Children and adolescents
In children, from newborns to adolescents up to 18 years, the range of flow rates during use as a substitution fluid in hemofiltration and hemodiafiltration and as a dialysate in continuous hemodialysis and continuous hemodiafiltration is from 1000 to 4000 ml/hour/1.73 m.
In the case of adolescents (12–18 years), if the calculated dose for children exceeds the maximum dose for adults, the dose recommended for adults should be used.
Elderly patients
Adults over 65 years: clinical trial data and clinical experience indicate that the use of the product in elderly patients does not affect safety or efficacy.
Symptoms of overdose
Overdose of Biphozyl may lead to severe clinical changes, such as congestive heart failure, electrolyte disturbances, or acid-base disturbances.
Procedure in case of overdose
The solution from the small chamber is added to the solution from the large chamber by opening the breakable seam directly before use. The solution after reconstitution should be clear and colorless.
In the entire process of administering the product to the patient, aseptic technique should be used.
Use only if the outer protective packaging is not damaged, all seams are intact, the breakable seam is not damaged, and the solution is clear. Firmly squeeze the bag to check its integrity. If a leak is detected, the solution should be discarded immediately, as sterility cannot be guaranteed.
The large chamber has a port for injection, which allows the addition of other necessary medicinal products after reconstitution of the solution. The user is responsible for determining the compatibility of the added medicinal product with Biphozyl by checking for possible color change and/or precipitation, presence of insoluble complexes or crystals. Before adding the medicinal product, you should check if it is soluble and stable in Biphozyl and if the pH range of Biphozyl is suitable for it (the pH of the solution after reconstitution is between 7.0-8.0). Additional ingredients may not be compatible with the solution. You should read the instructions for use of the added medicinal product.

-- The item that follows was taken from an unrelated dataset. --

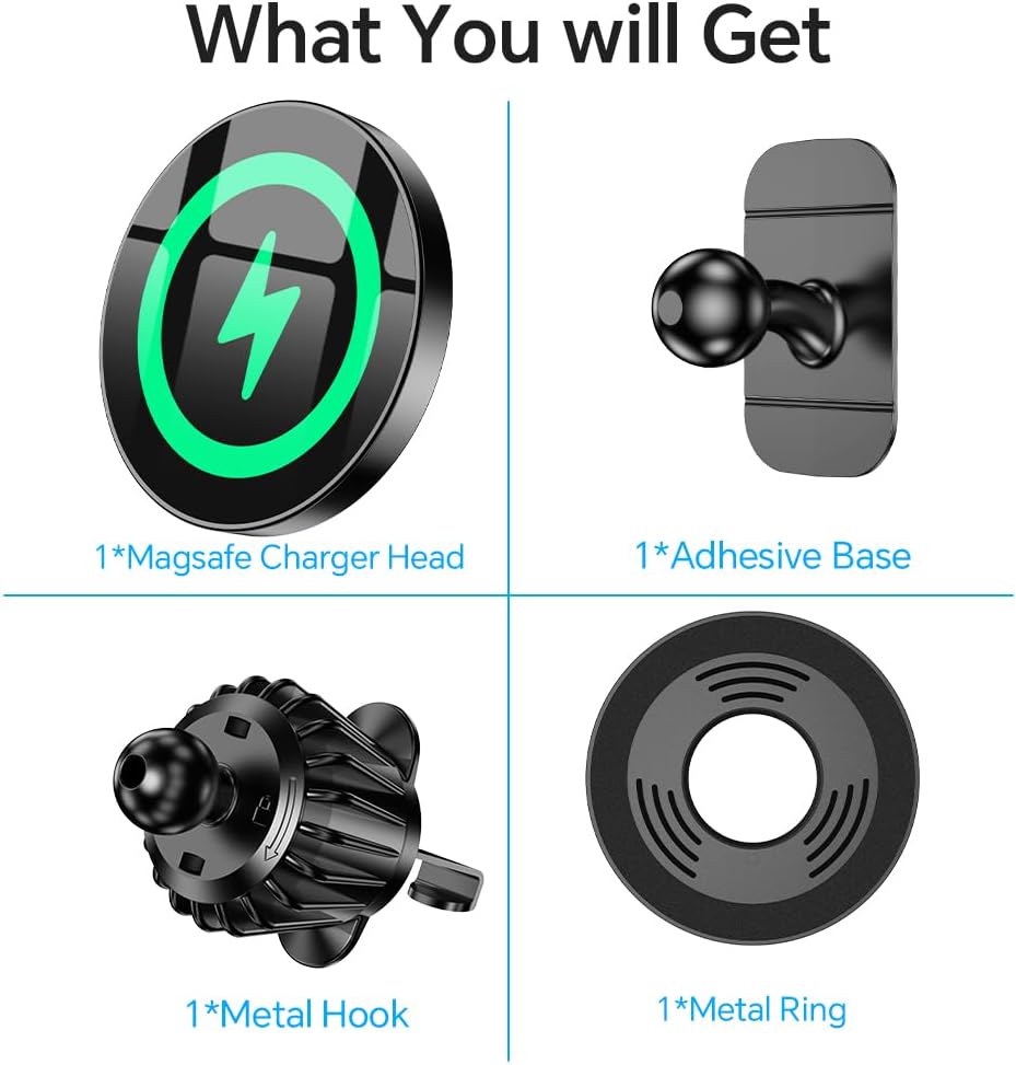 - 2 IN 1 Car Phone Holder Charger- As the leader of adhesive MagSafe car mounts; The ultra-durable adhesive base design allows our magnetic car charger for iPhone to adhere securely to the dashboard. It stays stable on bumpy roads or during sudden stops. Never Fall Off-Metal Hook Design: adopts simplified locking design, will catch one of car air vent blades and provide excellent sturdiness. 𝐍𝐨𝐭𝐞: 𝐑𝐨𝐮𝐧𝐝 𝐯𝐞𝐧𝐭𝐬 𝐦𝐚𝐲 𝐧𝐨𝐭 𝐟𝐢𝐭

After adding the ingredients, the solution should be thoroughly mixed. The addition and mixing of ingredients should always be done before connecting the bag with the solution to the extracorporeal circuit.
Open the seam by holding the small chamber with both hands and squeezing until a gap is created in the breakable seam between the two chambers (see figure I below).
Squeeze the large chamber with both hands until the breakable seam between the two chambers is completely open (see figure II below).
Mix the solution thoroughly by gently shaking the bag. The solution is ready for use, and the bag can be hung on the stand of the device (see figure III below).
The dialysate line drain or the substitution fluid line drain can be connected to one of the two access ports.
IV.aIn the case of luer-type connectors, you should remove the cap by twisting and pulling it, and then connect the male luer lock connector on the dialysate line drain or the substitution fluid line drain to the female luer connector on the bag by pushing and twisting.
Make sure the connectors are fully seated, then tighten. The connector is now open.
Make sure the fluid flows freely (see figure IV.a below).
When the dialysate line drain or the substitution fluid line drain is disconnected from the luer connector, the connector will close, stopping the flow of the solution. The luer connector is needle-free and can be wiped with disinfectants.
IV.bIn the case of an injection connector (or a spike connector), you should first remove the sliding cap. The injection port can be wiped with disinfectants. Insert the spike through the rubber septum. Make sure the fluid flows freely (see figure IV.b below).
The solution after reconstitution is intended for single use only. Unused solution should be discarded. The solution can be disposed of in the sewage system without harm to the environment.